Messier 103 - Open Cluster
Messier 103 (also as NGC 581) is a small open cluster of many faint stars
in Cassiopeia. It was discovered on 27 March 1781 by Pierre Méchain, but
later added as Charles Messier's last deep-sky object in his catalogue.
It is located 9,400 light-years from Earth and is about 15 light years across.
It holds two prominent stars, of which the brightest is magnitude 10.5, and in
the center of the cluster, another magnitude 10.8 red giant. Another bright
foreground object is the double star Struve 131, but is not a member of the
cluster. Cluster membership is about 172 stars based on >50% probability of
gravitational attachment that binds the cluster together. Messier 103 is
between 12.6 million to 25 million years in age.
After the discovery of Messier 101 through 103 by Pierre Méchain, Messier later
added this open cluster to his own catalogue. In 1783, William Herschel described
the region of MESSIER 103 as 14 to 16 pretty large stars and with great many
extremely faint ones. Åke Wallenquist first identified 40 stars in Messier 103
while Antonín Bečvář raised this to 60. Archinal and Hynes suggest that the
cluster has 172 stars. Admiral William Henry Smyth pointed out the cluster's
10.8-magnitude red giant, citing it was a double star on Cassiopeia's knee,
about 1° northeast of Delta Cassiopeiae, sometimes called as Ruchbah or Rukhbah.
Equipment:
OTA: Apertura 6" Ritchey-Chretien Reflector (f/9)

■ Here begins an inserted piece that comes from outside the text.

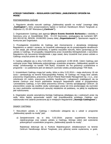 ATRIUM TARGÓWEK – REGULAMIN CASTINGU „SABLEWSKIEJ SPOSÓB NA MODĘ” POSTANOWIENIA OGÓLNE 1. Regulamin określa warunki castingu „Sablewskiej sposób na modę” (zwanego dalej „Castingiem”), który przeprowadzony będzie w Centrum Handlowym Atrium Targówek ul. Głębocka 15, 03-287 Warszawa („Centrum”). 2. Organizatorem Castingu jest agencja Qlture Events Dominik Borkowicz z siedzibą w Sosnowcu przy ul. Koszalińskiej 4/60, 41-219 Sosnowiec, posługującą się numerem NIP: 644-303-02-56, REGON: 241061992 (zwany dalej „Organizatorem”). Sponsorem nagród w Konkursie jest Organizator. 3. Przystąpienie Uczestnika do Castingu jest równoznaczne z akceptacją niniejszego Regulaminu w całości i oznacza, że Uczestnik zobowiązuje się do przestrzegania określonych w nim zasad, jak również potwierdza, iż spełnia wszystkie warunki, które uprawniają go do udziału w Castingu. W przypadku niespełnienia przez Uczestnika któregokolwiek z warunków Regulaminu lub naruszenia którejkolwiek z jego zasad, dany Uczestnik traci prawo udziału w Castingu oraz/lub prawo do nagród. 4. Casting odbędzie się w dniu 5.03.2016 r. w godzinach 12:00-18:00. Celem Castingu jest wybranie przez Maję Sablewską potencjalnego uczestnika programu „Sablewskiej sposób na modę” (emitowanego na kanale TVN Style). Uczestnik nie ma gwarancji uczestnictwa w programie – co uzależnione jest od dalszych czynności sztabu produkcyjnego TVN Style. 5. Uczestnikami Castingu mogą być osoby, które w dniu 5.03.2016 r. mają ukończony 18 rok życia i zamieszkują na terenie Rzeczpospolitej Polskiej. W Castingu nie mogą brać udziału pracownicy Organizatora, pracownicy Atrium Poland Real Estate Management Sp. z o.o., oraz członkowie ich rodzin, pracownicy punktów handlowych i usługowych znajdujących się na terenie Centrum oraz innych podmiotów biorących bezpośredni udział w przygotowaniu i prowadzeniu Castingu, w tym także pracownicy ochrony i serwisu sprzątającego Centrum. Za pracowników uważa się wszelkie osoby wykonujące pracę lub inne powtarzające się czynności na rzecz podmiotów wymienionych powyżej niezależnie od podstawy, na jakiej ta współpraca jest wykonywana. 6. Organizator powoła wewnętrzną Komisję Castingową składającą się z wybranych przez nią osób, która będzie sprawowała nadzór nad prawidłowością przebiegu Castingu oraz wykonywała inne zadania powierzone jej w niniejszym Regulaminie („Komisja Castingowa”). ZASADY CASTINGU 7. Warunkiem udziału w Castingu i możliwości ubiegania się o udział w programie „Sablewskiej sposób na modę” jest: a) Zarejestrowanie się w dniu 5.03.2016r. poprzez wypełnienie formularza rejestracyjnego oraz wzięcie udziału w Castingu, którego celem jest wyłonienie potencjalnych uczestników programu „Sablewskiej sposób na modę”. Rejestracji dokonuje się w Punkcie Rejestracyjnym zlokalizowanym na terenie Centrum Handlowego Atrium Targówek, przy głównej scenie wydarzenia, w godz. 1 12:00-15:00. Rejestracji do castingu dokonuje się za pośrednictwem i z pomocą hostessy poprzez wypełnienie Formularza Rejestracyjnego. Uczestnicy, którzy spełnią wymogi rejestracji, wezmą udział w części castingowej. b) Wzięcie udziału w Castingu, który odbędzie się na głównej scenie wydarzenia w godz. 14:00-15:00 oraz 16:00-17:00. Celem castingu jest wyłonienie potencjalnego uczestnika programu „Sablewskiej sposób na modę”. Na etapie castingu Uczestnicy odpowiadają na pytanie: „Dlaczego chcę wziąć udział w programie i zmienić swój styl życia”. Uczestnik z najciekawszą wypowiedzią (ocenianą przez Maję Sablewską), zostanie laureatem Castingu. Laureaci Castingu zostaną powiadomieni telefoniczne o możliwości uczestnictwa w programie „Sablewskiej sposób na modę”. Jednocześnie zostaną poinstruowani o dalszym procedurze aplikacyjnej wraz ze wskazaniem miejsca oraz czasu, w którym mają obowiązek stawić się osobiście. c) Wyrażenie zgody na przetwarzanie danych osobowych przez Organizatora Konkursu oraz właściciela Centrum (Atrium Poland Real Estate Management Sp. z o.o.), w celach związanych z organizacją i przeprowadzeniem Castingu – zgodnie z Ustawą z dnia 29 sierpnia 1997 r. o ochronie danych osobowych (Dz. U. z 2014 r. Nr 1182 z późń. zm.); d) Wyrażenie zgody na wykorzystanie i upublicznienie swojego wizerunku do celów realizacji Castingu oraz wyrażenie zgody na jego wykorzystanie przez Organizatora oraz właściciela Centrum (Atrium Poland Real Estate Management Sp. z o.o.), przez okres 12 miesięcy na następujących polach eksploatacji: serwis internetowy Organizatora (www.qlture-events.pl) i Centrum (http://atrium-targowek.pl/), oficjalny profil Organizatora (https://pl-pl.facebook.com/QltureEvents) i Centrum (https://www.facebook.com/AtriumTargowek) na Facebooku oraz do wewnętrznych celów raportowych Organizatora i Centrum. 8. Informacje ogólne a) b) c) d) e) Wypowiedź/prezentacja nie może zawierać treści dyskryminujących lub wulgarnych. Wypowiedź/prezentacja nie może być dłuższa niż 3 minuty. Uczestnicy biorą udział w Castingu pojedynczo. Organizator zapewnia sprzęt nagłaśniający i oświetleniowy, mikrofony. Zabezpieczenie wszystkich pozostałych rekwizytów niezbędnych do wypowiedzi/prezentacji jest po stronie Uczestnika. 9. Jeżeli Uczestnik Castingu nie zgłosi się do Organizatora Castingu w terminie określonym w pkt 7b nie traci on prawa do dalszego udziału w castingu oraz możliwości udziału w programie „Sablewskiej sposób na modę”. NAGRODA 2 10. Nagrodą w Castingu jest status laureata Castingu oraz ewentualna możliwość wzięcia udziału w programie „Sablewskiej sposób na modę”. Warunkiem otrzymania nagrody głównej, o której mowa w niniejszym punkcie jest stawienie się Centrum w dniu 05.03.2016 r. w czasie wyznaczonym przez Organizatora oraz przekazanie na rzecz Organizatora oraz

Reducer: Astro-Physics CCDT67 0.67x Reducer (f/6 overall)
Filter: SVBONY CLS City-Light-Suppression Filter
Camera: ZWO ASI183MC Pro Cooled Color Camera (20.1 mp)
Guide Scope: SVBONY SV106 50mm f/3.8
Guide Camera: ZWO ASI120MM Mini Guide Camera
5x60s subs (5 minutes) stacked in SharpCap 4.1 with dark & flats
Processed with GraXpert, Topaz DeNoise AI, and Siril.